Verdicts & Settlement
After a five-day trial, a McDowell County jury returned a verdict in the plaintiffs’ favor in a motor vehicle negligence claim against the county’s sheriff’s office.
The case arose on Feb. 6, 2007. At approximately 8:29 p.m., a patrol car driven by a McDowell County sheriff’s deputy collided with the rear of a 1996 Plymouth Neon in the right-hand lane of eastbound Interstate 40 near Old Fort.
The plaintiffs alleged the deputy was not paying attention to the highway. His vehicle struck the Neon at 117 mph.
Although the deputy was responding as backup at a domestic disturbance call, he was not operating the emergency lights or siren on his vehicle at the time of the impact.
Upon impact, the Neon traveled 430 feet, and the patrol car traveled 400 feet. The Neon stopped in the left-hand lane on the highway, and the patrol car came to a rest on the right-hand shoulder. Both vehicles were completely disabled.
After the vehicles came to a rest, the deputy got out of his vehicle and saw a Honda Accord approaching in the right-hand lane.
The deputy attempted to alert the Honda driver to the presence of the disabled vehicles by waving his flashlight. The driver saw the light and glass in the roadway, which caused her to switch to the left-hand lane. The Honda then struck the Neon a second time.
The occupants of the Neon included a 36-year-old mother and her 6-year-old and 2-year-old daughters. The mother and the 6-year-old were severely injured, and the 2-year-old was killed.
In November 2007, the plaintiffs filed a lawsuit against the McDowell County sheriff and the sheriff’s surety company.
The plaintiffs alleged claims for negligence and gross negligence by the deputy in causing both collisions. The defendants answered the lawsuit by denying liability and alleging that the deputy’s conduct was subject to the gross negligence standard in G.S. § 20-145.
During discovery, the defendants admitted the deputy was negligent in the operation of his patrol car but denied he was grossly negligent.
A week before trial, the defendants withdrew their defense under G.S. § 20-145 and stipulated that the deputy’s negligence was a proximate cause of the plaintiffs’ injuries and the child’s wrongful death.
The plaintiffs withdrew their gross negligence claim, and the action was tried on damages only.
Type of action: Motor vehicle negligence – Sheriff’s office
Injuries alleged: Personal injuries to 36-year-old woman (traumatic brain injury with negative CT scan of head, multiple facial fractures, rib fractures, collapsed lungs, posterior ligamentous injury at T2-T3, left humerus fracture, right sterno-clavicular joint dislocation, bilateral shoulder pain, depression, anxiety and prominent scarring to left arm and upper back); personal injuries to 6-year-old girl (traumatic brain injury with negative CT scan of head, pulmonary contusions, collapsed lungs, bilateral subtrochanteric femur fractures, cervical strain and prominent scarring to upper legs); wrongful death of 2-year-old girl
Case name: Frye, et al. v. Greene, et al.
Case number: 07-CVS-941
Court: McDowell County Superior Court
Verdict or settlement: Verdict (jury)
Date: March 6, 2009
Amount: $5.5 million ($2.5 million for 36-year-old mother’s personal injuries; $2 million for the wrongful death of 2-year-old daughter; $850,000 for 6-year-old daughter’s personal injuries; $150,000 for child’s medical expenses)

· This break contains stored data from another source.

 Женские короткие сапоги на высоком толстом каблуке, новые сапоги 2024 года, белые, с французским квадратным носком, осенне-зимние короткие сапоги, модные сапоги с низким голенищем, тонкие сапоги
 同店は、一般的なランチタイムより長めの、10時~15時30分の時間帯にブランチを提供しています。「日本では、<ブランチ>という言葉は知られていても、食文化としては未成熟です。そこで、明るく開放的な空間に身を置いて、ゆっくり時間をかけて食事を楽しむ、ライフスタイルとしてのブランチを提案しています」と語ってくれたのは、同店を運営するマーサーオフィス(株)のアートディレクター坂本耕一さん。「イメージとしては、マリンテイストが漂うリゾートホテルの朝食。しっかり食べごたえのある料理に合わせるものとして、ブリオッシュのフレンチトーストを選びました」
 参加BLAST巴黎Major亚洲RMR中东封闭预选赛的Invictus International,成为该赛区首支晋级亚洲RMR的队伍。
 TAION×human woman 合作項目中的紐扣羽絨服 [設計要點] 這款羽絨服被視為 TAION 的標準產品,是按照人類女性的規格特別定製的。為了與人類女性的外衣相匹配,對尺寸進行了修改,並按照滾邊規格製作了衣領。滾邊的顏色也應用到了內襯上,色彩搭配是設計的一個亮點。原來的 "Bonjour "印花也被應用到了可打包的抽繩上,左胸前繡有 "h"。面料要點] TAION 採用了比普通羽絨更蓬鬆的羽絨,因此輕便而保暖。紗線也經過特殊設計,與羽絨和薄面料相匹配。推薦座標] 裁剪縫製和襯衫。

Demand: $3 million for mother’s personal injuries; $700,000 for daughter’s personal injuries; $115,000 for child’s medical expenses; $2 million for the wrongful death claim
Insurer: Argonaut Great Central Insurance Company (liability insurer) and Western Surety Company (bonding company). There is an ongoing dispute between the parties as to whether there is $1 million or $2 million in available insurance coverage. The $25,000 sheriff’s bond was tendered before trial
Experts: Treating physicians – Dr. William Shillinglaw (trauma surgeon), Dr. C. Michael LeCroy (orthopedic surgeon), Dr. Jack Gotcher (oral and maxillofacial surgeon) and Dr. James B. Hoer (internal medicine). Retained experts – Melvin Tucker (police procedures), Norman Beck (police procedures), Michael Sutton, P.E. (accident reconstructionist) and Gary Albrecht, Ph.D. (economist)
Plaintiffs’ attorneys: Jason A. Orndoff of The Fulkerson Law Firm (Hickory); William S. Mills and Carlos E. Mahoney of Glenn, Mills, Fisher & Mahoney (Durham)
Editor’s note: The information in Lawyers Weekly’s verdicts and settlements reports was submitted by the counsel for the prevailing party and represents the attorney’s characterization of the case.